HPiP (host-pathogen interaction prediction) is an R package for automated prediction of host-pathogen protein-protein interactions (HP-PPIs) using structural and physicochemical descriptors computed from amino acid-composition of host and pathogen proteins. Briefly, HPiP extracts gold-standard of experimentally verified HP-PPIs (i.e., positive interactions) from public repository, construct negative interactions via negative sampling, retrieve and convert protein sequences to numerical representation via various descriptors, applies multivariate feature selection based on correlation and recursive feature elimination (RFE)-embedded, and finally applies ensemble averaging to predict interactions. Taken together, we hope that the HPiP package not only contributes a useful predictor to accelerate the exploration of host-pathogen PPIs, but also provides some meaningful insights into host-pathogen relationships.
You can install the HPiP
from bioconductor using:
if(!requireNamespace("BiocManager", quietly = TRUE)) {
install.packages("BiocManager")
}
BiocManager::install("HPiP")
To view documentation for the version of this package installed in your system, start R and enter:
browseVignettes("HPiP")
To install the development version in R
, run:
if(!requireNamespace("devtools", quietly = TRUE)) {
install.packages("devtools")
}
devtools::install_github("mrbakhsh/HPiP")

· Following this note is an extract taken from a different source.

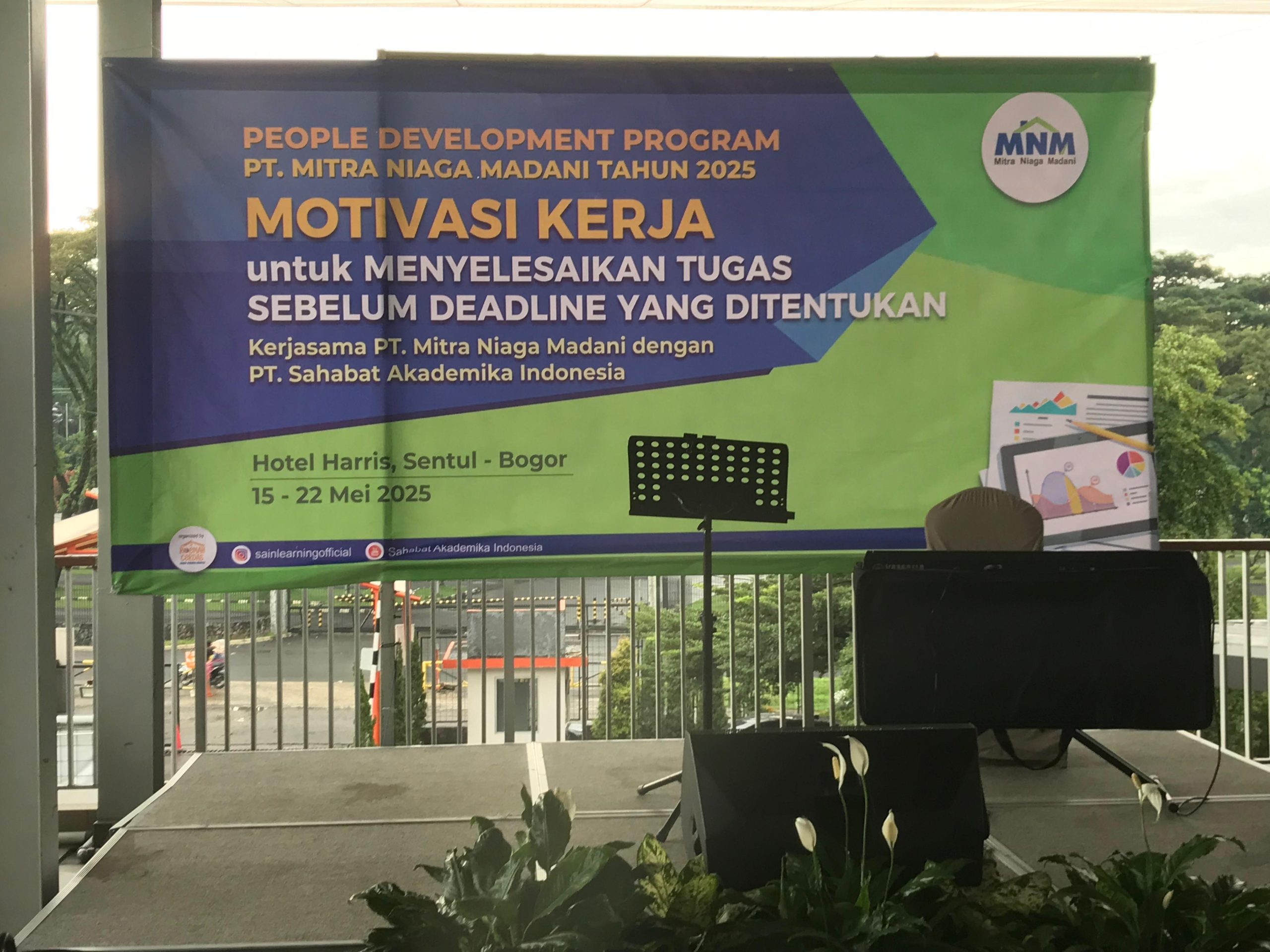Acara Training People Development Program hasil kerja sama antara PT Mitra Niaga Madani dan PT Sahabat Akademika Indonesia berlangsung sukses dari tanggal 15 hingga 22 Mei 2025 di Hotel Harris Sentul, Bogor. Kegiatan ini merupakan bagian dari program pengembangan sumber daya manusia (SDM) yang bertujuan meningkatkan kompetensi dan kualitas kerja para peserta dari berbagai latar belakang profesional.

The utility and performance of the proposed package were demonstrated using three different case studies, and data analysis codes are available from https://github.com/BabuLab-UofR/HPiP_pub, where guidelines and sample datasets are also offered for testing purposes.

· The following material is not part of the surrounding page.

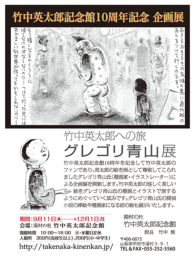 今年は、湯村の杜・竹中英太郎記念館、開館10周年記念「竹中英太郎への旅・グレゴリ青山展」という大きなイベントを9月11日(木)から12月1日(月)まで、開催致しました。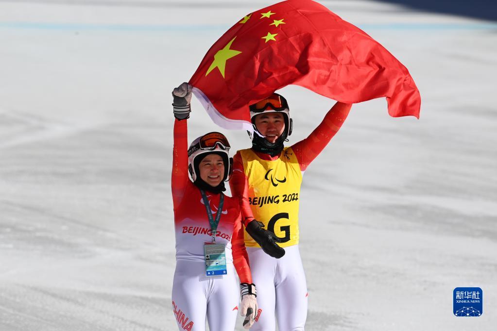 3月5日,中国选手朱大庆(左)和引导员闫寒寒赛后庆祝。

Check the github page for source code
This project is licensed under the MIT License - see the LICENSE.md file for more details.
If using these scripts in your data analyses pipelines, please cite our paper:
Rahmatbakhsh,M. et al. (2022) HPiP: an R/Bioconductor package for predicting host–pathogen protein–protein interactions from protein sequences using ensemble machine learning approach. Bioinforma. Adv., 2, vbac038.